◆ **Aim of the exercise**: Find each line of the material below in which the word "with" occurs, and return it.

◆ **Supplied entries**:
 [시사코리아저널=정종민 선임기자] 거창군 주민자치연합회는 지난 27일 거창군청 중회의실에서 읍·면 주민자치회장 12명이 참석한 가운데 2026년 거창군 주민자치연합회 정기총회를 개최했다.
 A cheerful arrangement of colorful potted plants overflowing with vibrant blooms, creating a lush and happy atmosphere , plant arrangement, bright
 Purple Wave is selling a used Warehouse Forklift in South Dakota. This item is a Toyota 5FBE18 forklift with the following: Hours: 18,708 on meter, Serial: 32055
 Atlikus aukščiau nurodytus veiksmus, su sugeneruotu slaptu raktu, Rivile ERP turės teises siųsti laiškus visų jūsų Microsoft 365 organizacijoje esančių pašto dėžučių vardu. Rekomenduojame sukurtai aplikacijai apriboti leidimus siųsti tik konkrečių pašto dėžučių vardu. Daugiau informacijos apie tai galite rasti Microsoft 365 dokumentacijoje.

==

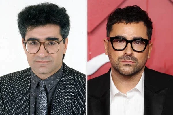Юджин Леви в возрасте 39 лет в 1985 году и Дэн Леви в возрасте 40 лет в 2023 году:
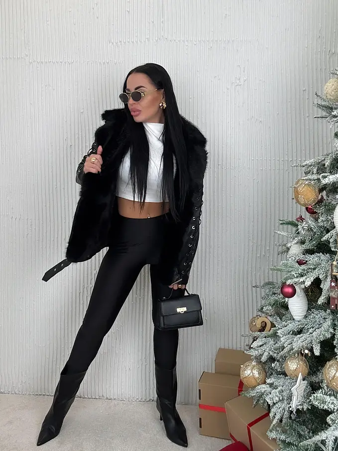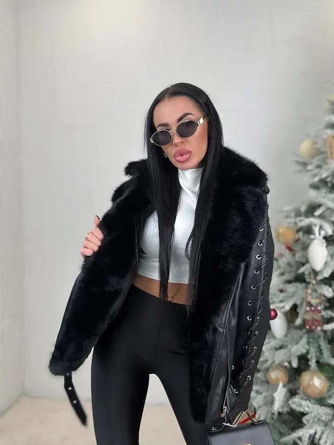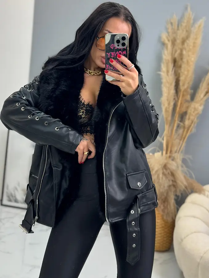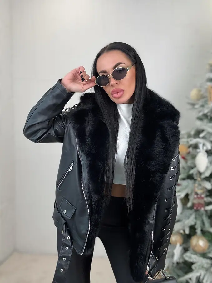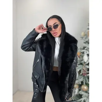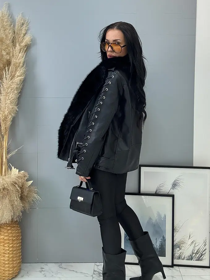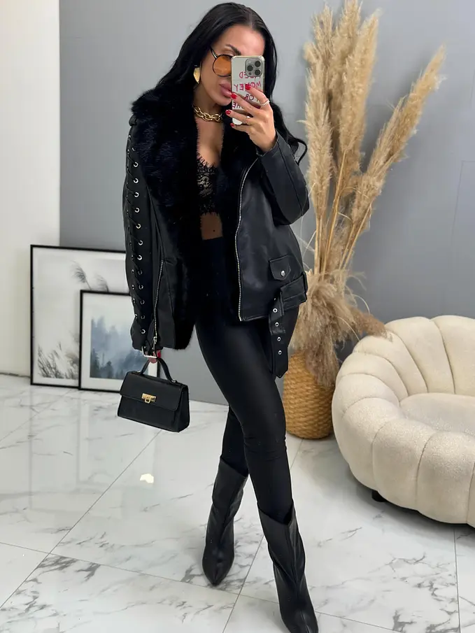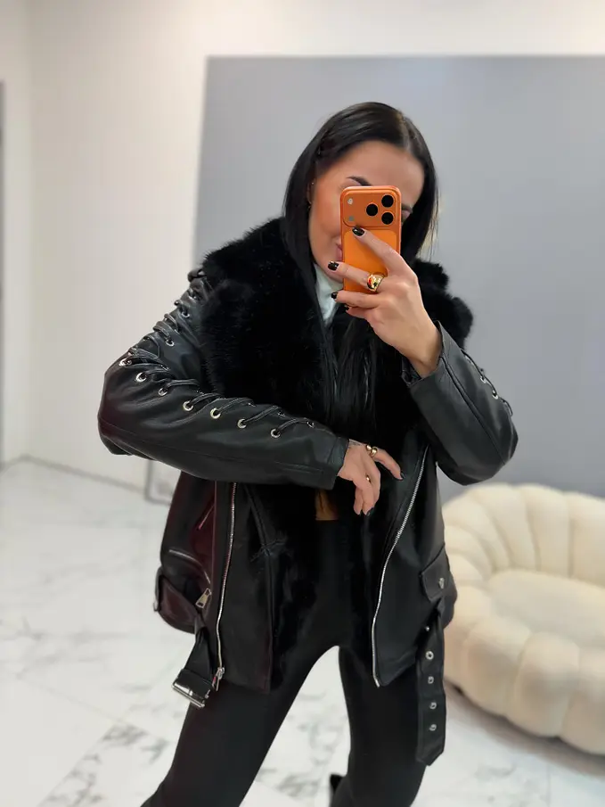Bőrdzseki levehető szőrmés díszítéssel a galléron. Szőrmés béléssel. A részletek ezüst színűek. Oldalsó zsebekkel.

==

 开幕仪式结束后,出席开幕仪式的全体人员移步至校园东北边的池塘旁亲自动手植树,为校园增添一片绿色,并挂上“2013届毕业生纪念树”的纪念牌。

◆ **Problem solution**:
 A cheerful arrangement of colorful potted plants overflowing with vibrant blooms, creating a lush and happy atmosphere , plant arrangement, bright
 Purple Wave is selling a used Warehouse Forklift in South Dakota. This item is a Toyota 5FBE18 forklift with the following: Hours: 18,708 on meter, Serial: 32055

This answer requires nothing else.